The San Antonio Breast Cancer Symposium started in 1977 as a one-day regional conference. All of the fellows in the division of oncology at the University of Texas - San Antonio were recruited to present cases at the conference during lunch, and they primarily discussed hormone therapy. From those very humble beginnings, it has grown to a 5-day international conference. In 2007, the American Association for Cancer Research (AACR) began a collaboration with the San Antonio group, bringing to the table its very strong reputation for translational research.

To give us some insights on the key translational and clinical findings from studies at this year's meeting, I am pleased to welcome AACR past president Dr Carlos Arteaga. Dr Arteaga is chair of breast cancer research and is professor of medicine and cancer biology at Vanderbilt University in Nashville, Tennessee. Welcome, Carlos.

Carlos L. Arteaga, MD: How are you doing?

Dr Miller: I am doing great. Tell me: Do you remember your first San Antonio meeting? I know you aren't quite old enough to have been there in 1977.

Dr Arteaga: No, it was 1987. And I would guess that there were about 250 people, at some Marriott hotel on the Riverwalk.
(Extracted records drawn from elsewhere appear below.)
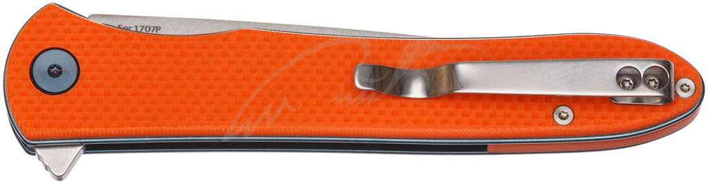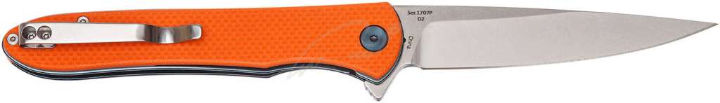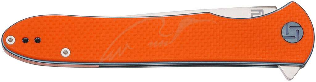 Отдельного внимания заслуживает рукоять из стеклотекстолита G10, которая способствует лучшему удержанию ножа в руке. Оранжевые накладки на рукоять гармонично смотрятся с фурнитурой синего цвета.
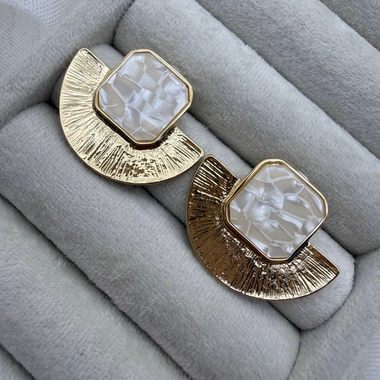این گوشوارههای خاص با ترکیب نیمدایرهی طلایی بافتدار و قطعهی مربعی رزین صدفی، جلوهای مدرن، هنری و کاملاً چشمگیر ایجاد میکنند. بافت طلایی، حس لوکس و گرم به استایل میدهد و رزین صدفی با درخشش موزاییکی، نور را به زیبایی منعکس میکند. قفل میخی باعث میشود این مدل سبک، راحت و مناسب استفاده روزانه باشد.
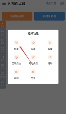 4、选择点击的动作类型;
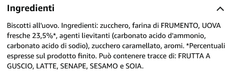 Zucchero 49,2%, farina di frumento, uova fresche 23,5%, agenti lievitanti (carbonato acido d'ammonio, carbonato acido di sodio), zucchero caramellato, aromi.
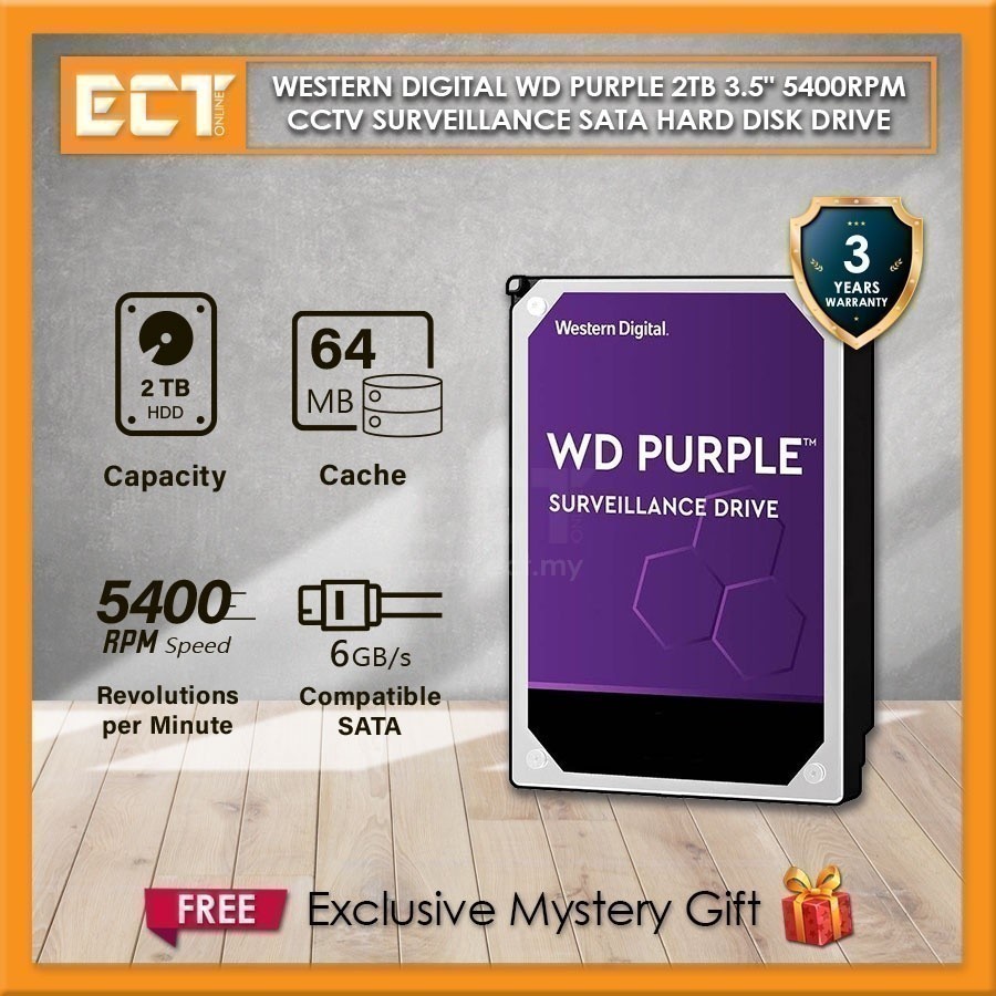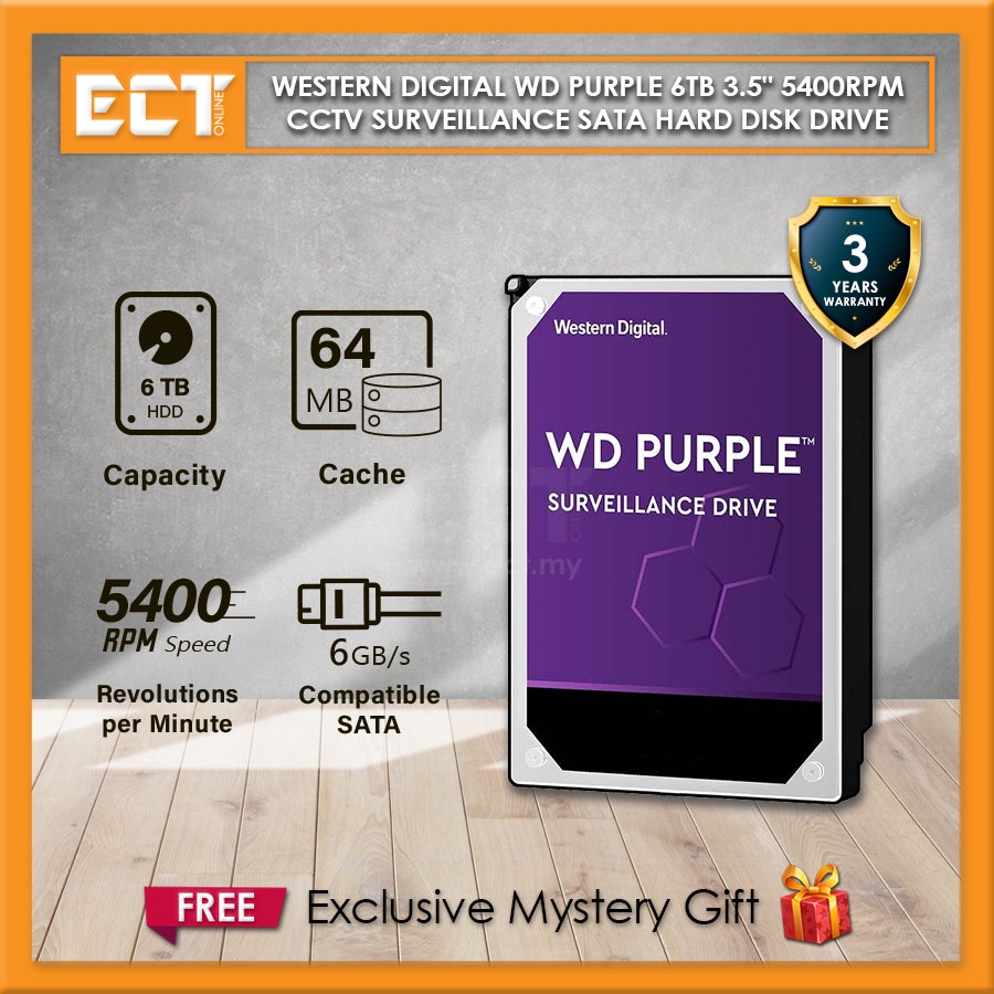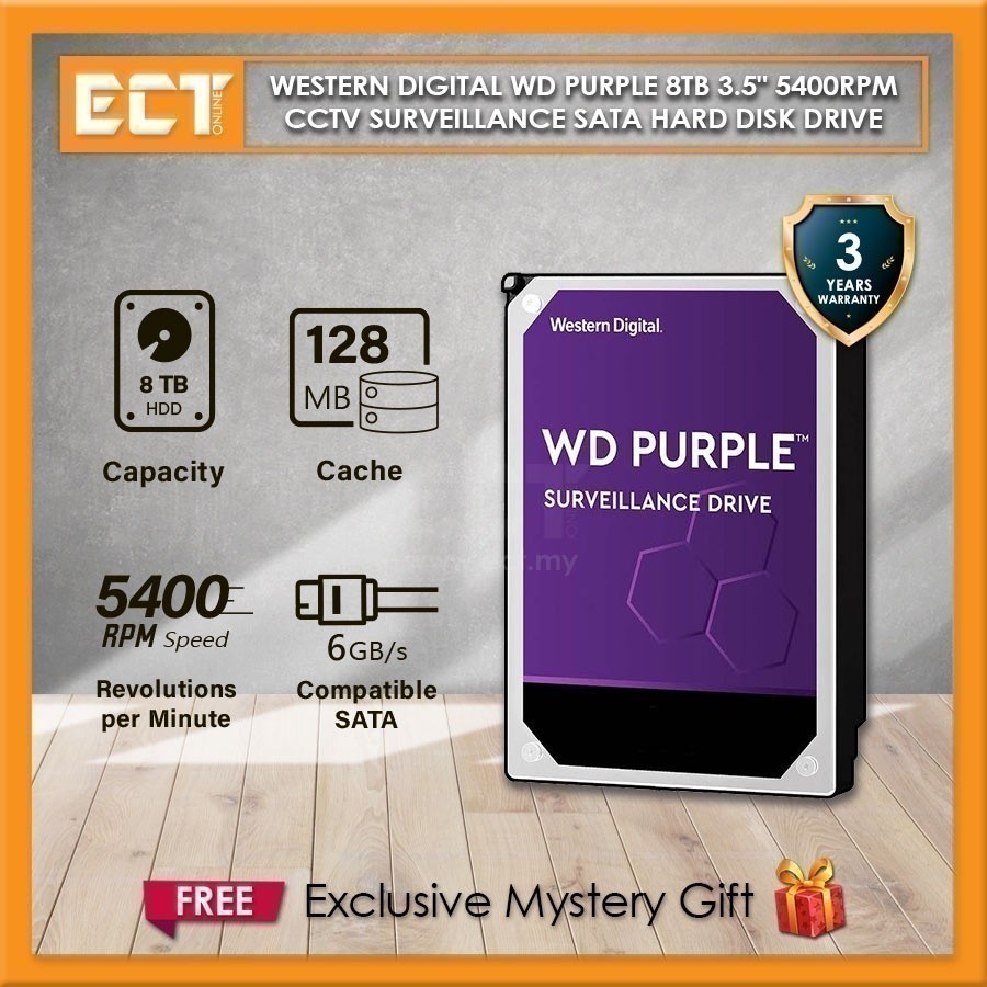 Western Digital WD Purple 1TB | 2TB | 3TB | 4TB | 6TB | 8TB 3.5" 5400RPM CCTV Surveillance SATA Hard Disk Drive HDD

Dr Miller: How have you seen the meeting grow just since AACR joined this unique partnership?

Dr Arteaga: The meeting has stayed at about the same level of attendance [an estimated 7704 attended the 2015 meeting, from 95 countries], but with the AACR we have added two awards: the AACR Distinguished Lectureship Award and the AACR Outstanding Investigator Award for an investigator under 50. We have added educational symposia and basic science symposia, and we have increased the number of travel awards for young investigators, who will be the ones carrying the torch of breast cancer research in the years to come. Remember that all of us at some point will have to exit the field, and we need new blood to come in.

The AACR handles all of the press activities of the meeting. We have also expanded the number of reviewers of the abstracts. Those things the AACR has brought to the meeting, and my general sense is that people are very happy with this partnership.

Dr Miller: It has been an incredibly successful partnership. I have to say that I have noticed a focus on translational science and better incorporation and integration of basic science in the meeting since that AACR partnership began.

Dr Arteaga: Yes, but in all honesty—because I trained with Bill McGuire and Ken Osbourne—there was always a translational flavor to this meeting. I would like to believe that the AACR has expanded and increased it, but it was translational already.

Liquid Biopsies Identify Markers of Drug Resistance

Dr Miller: Let's talk about this year's meeting. What are some of the highlights from the oral sessions and the early poster sessions?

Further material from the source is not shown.